== Work request ==
Leave the pictures out. Return all other data exactly.

== Given material ==
○ ○ ○

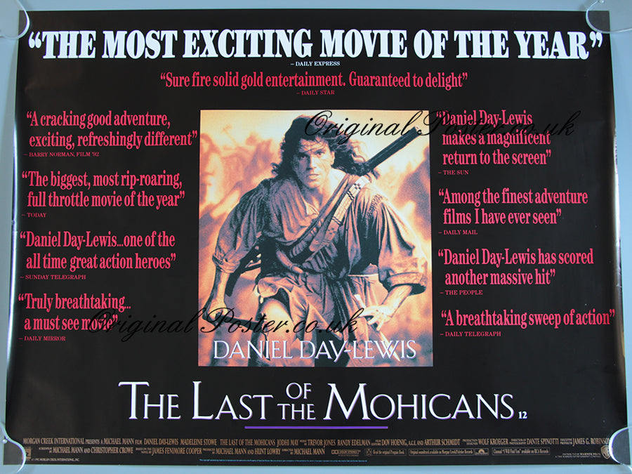 Review style British quad film poster for "The Last of the Mohicans" in rolled condition picturing Daniel Day-Lewis from 1992.
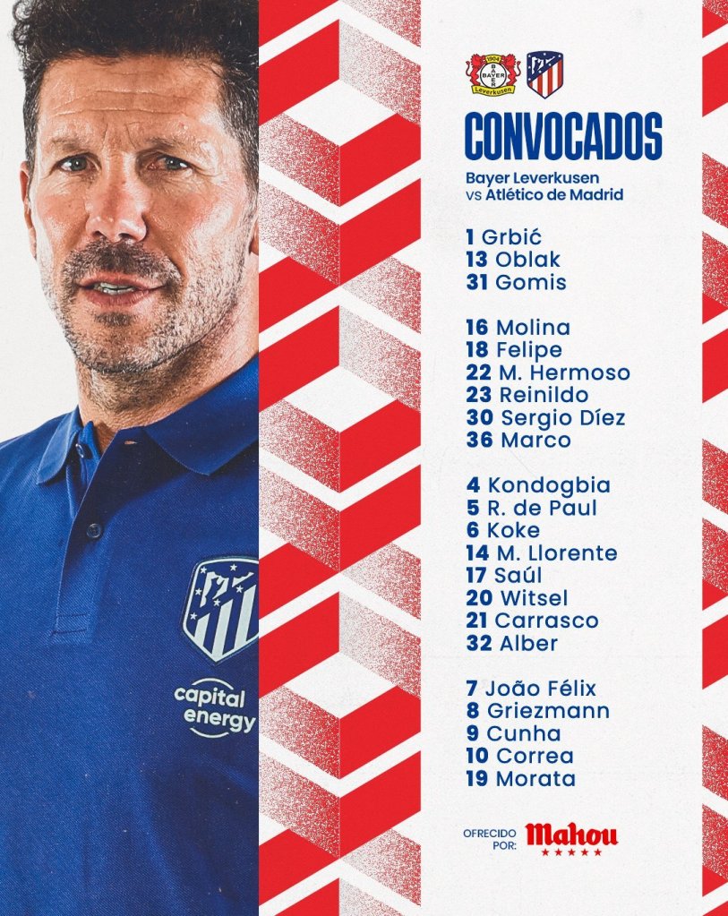 Simeone tendrá las bajas de Giménez, Reguilón ni Savic. Por su parte, en el Leverkusen no pueden contar con Adli, Bellarabi, Lunev, Palacios y Wirtz.
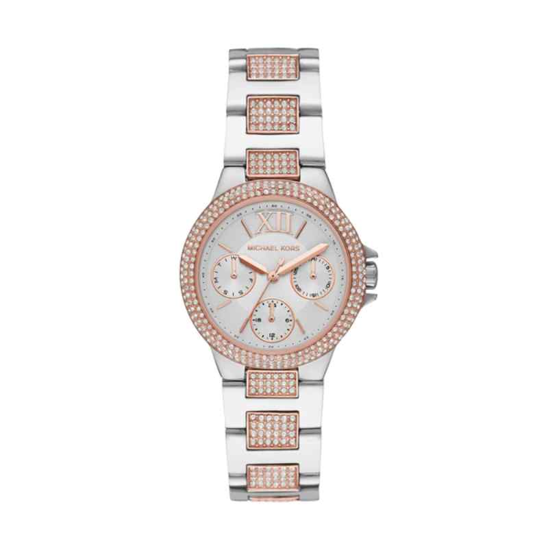 -60%Elevate your everyday style with the Michael Kors Camille watch (MK6846). This sophisticated timepiece features a 33mm stainless steel case with rose gold accents, creating a two-tone design that’s both classic and modern. The crisp white dial showcases a minimalist three-hand design for easy timekeeping, powered by a reliable quartz movement. The watch is completed with a stylish and comfortable two-tone stainless steel bracelet with rose gold-tone center links. Perfect for any occasion, the Camille watch adds a touch of understated elegance to your wrist.
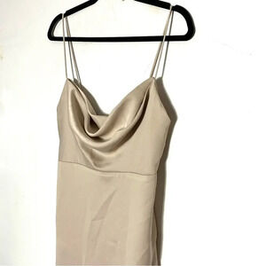 BHLDN Remy Cowl Neck Faux-Wrap Satin Gown Champagne 6

○ ○ ○

== Problem solution ==
 Review style British quad film poster for "The Last of the Mohicans" in rolled condition picturing Daniel Day-Lewis from 1992.
 Simeone tendrá las bajas de Giménez, Reguilón ni Savic. Por su parte, en el Leverkusen no pueden contar con Adli, Bellarabi, Lunev, Palacios y Wirtz.
 -60%Elevate your everyday style with the Michael Kors Camille watch (MK6846). This sophisticated timepiece features a 33mm stainless steel case with rose gold accents, creating a two-tone design that’s both classic and modern. The crisp white dial showcases a minimalist three-hand design for easy timekeeping, powered by a reliable quartz movement. The watch is completed with a stylish and comfortable two-tone stainless steel bracelet with rose gold-tone center links. Perfect for any occasion, the Camille watch adds a touch of understated elegance to your wrist.
 BHLDN Remy Cowl Neck Faux-Wrap Satin Gown Champagne 6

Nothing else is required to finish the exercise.